The Westchester Square Business Improvement District was among Bronx communities receiving grants last week from the NYC Department of Small Business Services to spotlight culture and attract shoppers.
The Avenue NYC program targets business attraction and retention, façade improvements, merchant organizing, placemaking, and organizational development, according to SBS spokeswoman Catherine Tenuta.
Grants in the amount of $30,000 will be awarded to 34 community-based development organizations citywide, including eight in the Bronx.
“Small businesses are an essential part of building vibrant neighborhoods, and the grants we are awarding today will help meet tailored, local needs,” said Gregg Bishop, Commissioner of the NYC Department of Small Business Services.
BID president Lisa Sorin said the SBS has been the most supportive city agency for the district in terms of funding, and said a grant last year helped brand the district in efforts to educate residents about the square’s cultural heritage.
“The goal with these types of grants that SBS provides is getting people to stop and enjoy the area,” Sorin said.
Programs last year included an event at Huntington Library and Reading Room that celebrated the Jazz Age of the 1920s.

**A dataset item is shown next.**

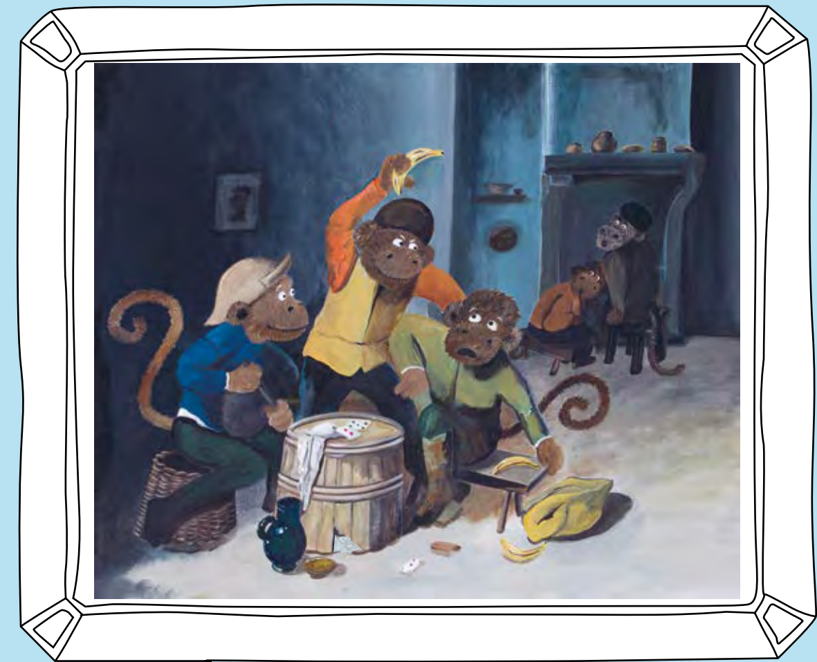
ADRIAEN BROUWER, BOERENVECHTPARTIJ, 1630
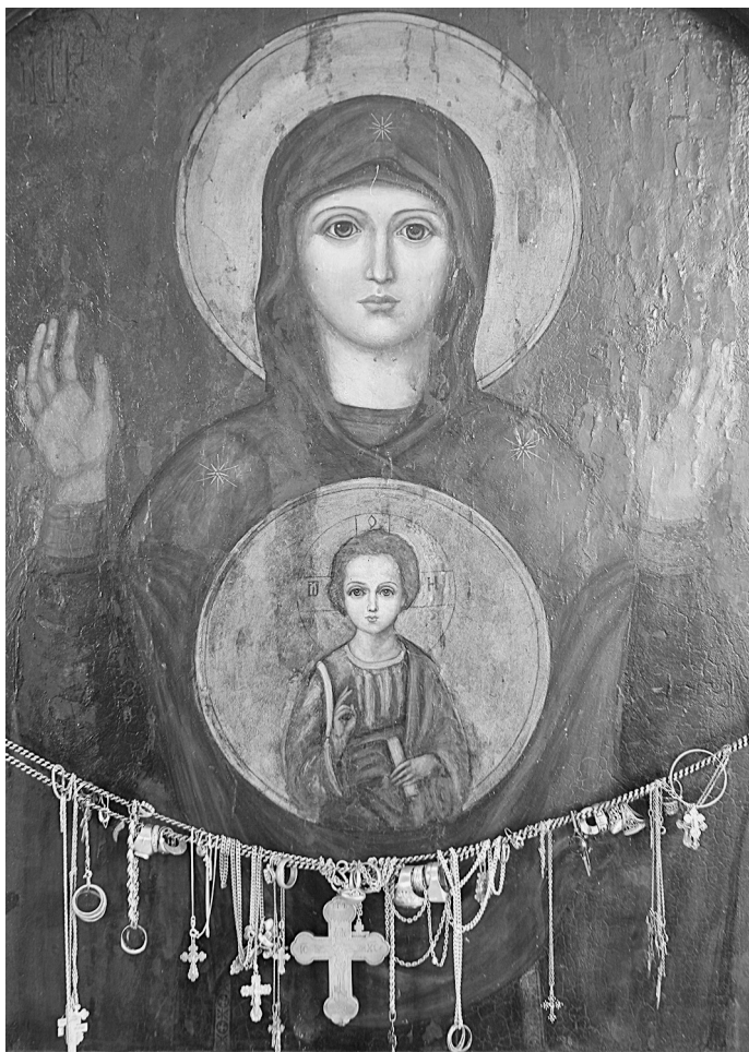
Дубровицкая икона «Знамение» до реставрации

городица молится за нас...». И тут же прекратилась атака, и новгородцы увидели, как в стане нападающих произошло сильнейшее замешательство: одни метались, будто потеряв разум, другие дрались между собой. Этим новгородцы воспользовались. Ободренные Иконой, благословленные епископом, они ринулись в атаку и победили... Это великое чудо, подробно изложено в Новгородской летописи, а также в акафисте в честь иконы «Знамение». Икона эта очень любима на Руси. Она является не только памятью о великом чуде – Знамении того, что Богородица не оставила новгородцев, окруженных превосходящим по силе врагом, но и стала символом примирения. Икона «Знамение» и сейчас находится в Новгороде, в Софийском соборе. С нее много списков, и наша икона «Знамение» в их числе. Именно в честь иконы «Знамение» Пресвятой Богородицы был построен в Дубровицах храм. Так что эта икона – главная святыня нашей церкви. Но и она в шестидесятые годы двадцатого века не избежала печальной участи: валялась в строительном мусоре. В отличие от других крупных икон ее не успели осквернить - спасли раньше.

The BID is also working to put historic markers in the district detailing the area’s role in the Revolutionary War, such as the Battle of Westchester Creek that took place October 12, 1776.
Sorin said she hopes to create a small park that celebrates that history in the area.
This year’s goal is make Westchester Square into a historic, cultural corridor, Sorin said.
“This grant will go towards tours, bringing artists to the area, and really branding it as a place to come for the arts, and bringing in little stores that compliment that theme,” Sorin said.
Huntington Free Library and Reading Room president Tom Casey said the Battle of Westchester Creek played a pivotal role in allowing Washington’s escape to Pennsylvania from British forces that had landed near Throggs Neck, thus saving the General’s forces (and likely the revolution itself) early in the campaign. The stories from that battle could help draw history buffs, he said.
“There is a monument over by White Castle that mentions the battle, but we’re looking to do a little more to (document) where the cannons were placed, where the troops landed, where exactly was the bridge…those sort of things,” Casey said.
SBS funding has already allowed the BID to hire an actor to dress as a Revolutionary War soldier character that interact with young people for the Fair on the Square, and possibly a tour of the historic St. Peter’s Episcopal Church cemetery on Halloween.
The Bronx Council on the Arts assisted Sorin in procuring the grant by writing a recommendation, said director Barbara Prete.
The council sees the Westchester Square area as an up and coming community with a lot of cultural potential, and will soon be the home to a new headquarters at 2700 East Tremont Avenue at the former site of a former Chase Morgan bank.